┌─ INPUT DATA

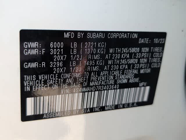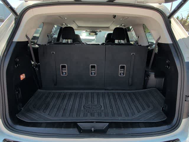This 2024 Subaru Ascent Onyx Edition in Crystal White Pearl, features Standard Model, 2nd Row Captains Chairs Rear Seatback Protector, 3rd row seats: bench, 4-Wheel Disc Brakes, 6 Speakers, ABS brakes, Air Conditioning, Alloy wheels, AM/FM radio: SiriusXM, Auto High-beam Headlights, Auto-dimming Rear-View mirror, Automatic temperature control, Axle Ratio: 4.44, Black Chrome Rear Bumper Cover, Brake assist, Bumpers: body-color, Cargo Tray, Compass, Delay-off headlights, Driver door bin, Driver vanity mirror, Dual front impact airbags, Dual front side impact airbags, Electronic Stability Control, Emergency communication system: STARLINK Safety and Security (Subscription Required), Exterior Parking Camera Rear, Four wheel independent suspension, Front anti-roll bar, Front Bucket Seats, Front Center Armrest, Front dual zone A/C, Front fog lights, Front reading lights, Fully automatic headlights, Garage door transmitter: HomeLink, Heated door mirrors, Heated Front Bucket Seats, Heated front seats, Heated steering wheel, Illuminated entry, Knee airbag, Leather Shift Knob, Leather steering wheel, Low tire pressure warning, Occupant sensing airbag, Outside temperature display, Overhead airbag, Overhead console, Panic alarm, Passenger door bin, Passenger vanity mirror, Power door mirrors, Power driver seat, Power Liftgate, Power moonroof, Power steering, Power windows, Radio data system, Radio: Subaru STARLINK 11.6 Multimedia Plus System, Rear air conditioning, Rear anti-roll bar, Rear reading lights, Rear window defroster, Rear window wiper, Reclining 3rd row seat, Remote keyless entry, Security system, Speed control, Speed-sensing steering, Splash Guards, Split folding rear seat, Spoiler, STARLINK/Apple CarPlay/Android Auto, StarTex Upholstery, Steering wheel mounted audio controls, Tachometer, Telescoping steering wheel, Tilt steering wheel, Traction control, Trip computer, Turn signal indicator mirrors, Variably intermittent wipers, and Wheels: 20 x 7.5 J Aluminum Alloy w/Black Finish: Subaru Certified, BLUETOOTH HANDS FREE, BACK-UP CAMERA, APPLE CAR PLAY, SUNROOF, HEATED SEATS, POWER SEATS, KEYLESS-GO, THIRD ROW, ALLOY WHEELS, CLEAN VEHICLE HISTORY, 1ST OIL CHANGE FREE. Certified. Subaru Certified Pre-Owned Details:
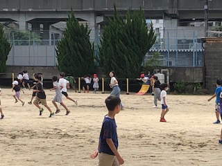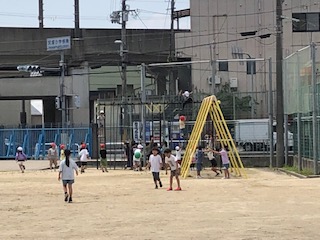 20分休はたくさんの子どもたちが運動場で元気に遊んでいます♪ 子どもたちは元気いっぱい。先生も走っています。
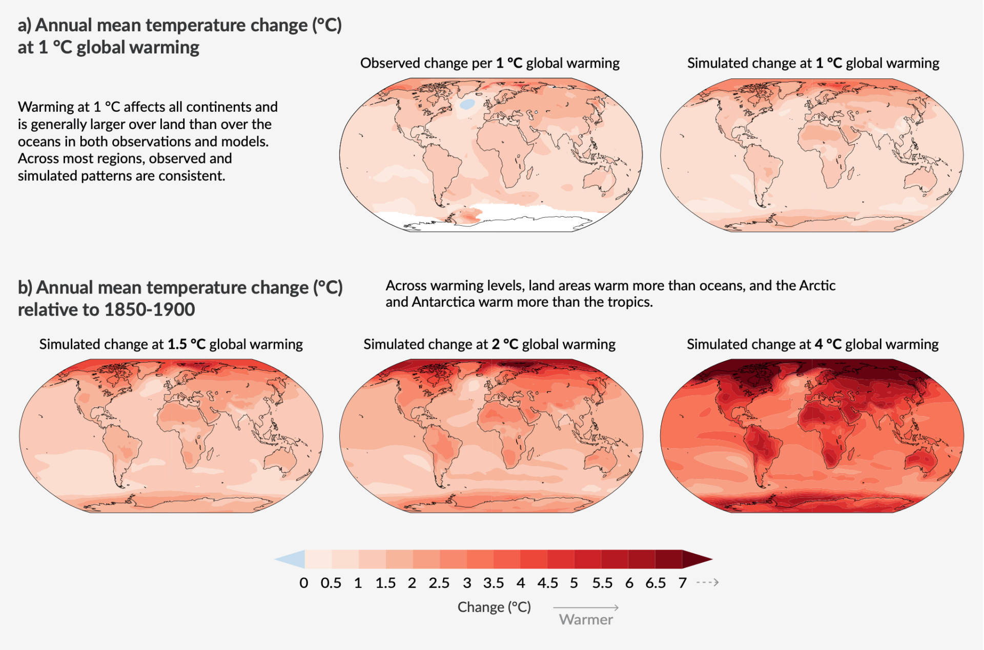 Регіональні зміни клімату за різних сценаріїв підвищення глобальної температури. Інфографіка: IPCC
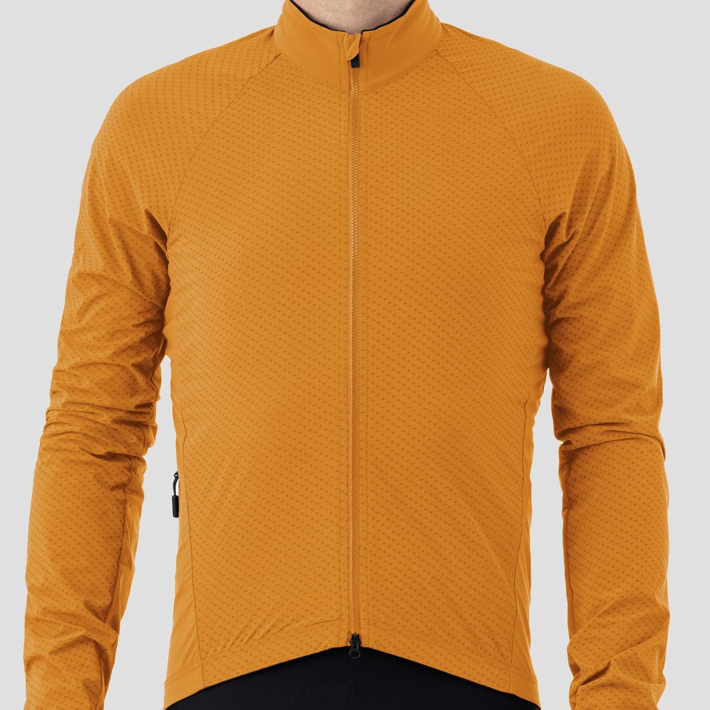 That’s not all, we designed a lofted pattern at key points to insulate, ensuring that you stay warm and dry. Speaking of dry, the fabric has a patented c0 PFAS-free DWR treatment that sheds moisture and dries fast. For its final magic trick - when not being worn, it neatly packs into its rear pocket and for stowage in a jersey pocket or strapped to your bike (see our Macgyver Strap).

└─

**ABOUT THIS TASK:** For this exercise, retype exactly, and only, the lines from the line with "Регіональні зміни клімату" through the last line of the material above, both included. Pictures stay out.

**FINISHED TASK:**
 Регіональні зміни клімату за різних сценаріїв підвищення глобальної температури. Інфографіка: IPCC
 That’s not all, we designed a lofted pattern at key points to insulate, ensuring that you stay warm and dry. Speaking of dry, the fabric has a patented c0 PFAS-free DWR treatment that sheds moisture and dries fast. For its final magic trick - when not being worn, it neatly packs into its rear pocket and for stowage in a jersey pocket or strapped to your bike (see our Macgyver Strap).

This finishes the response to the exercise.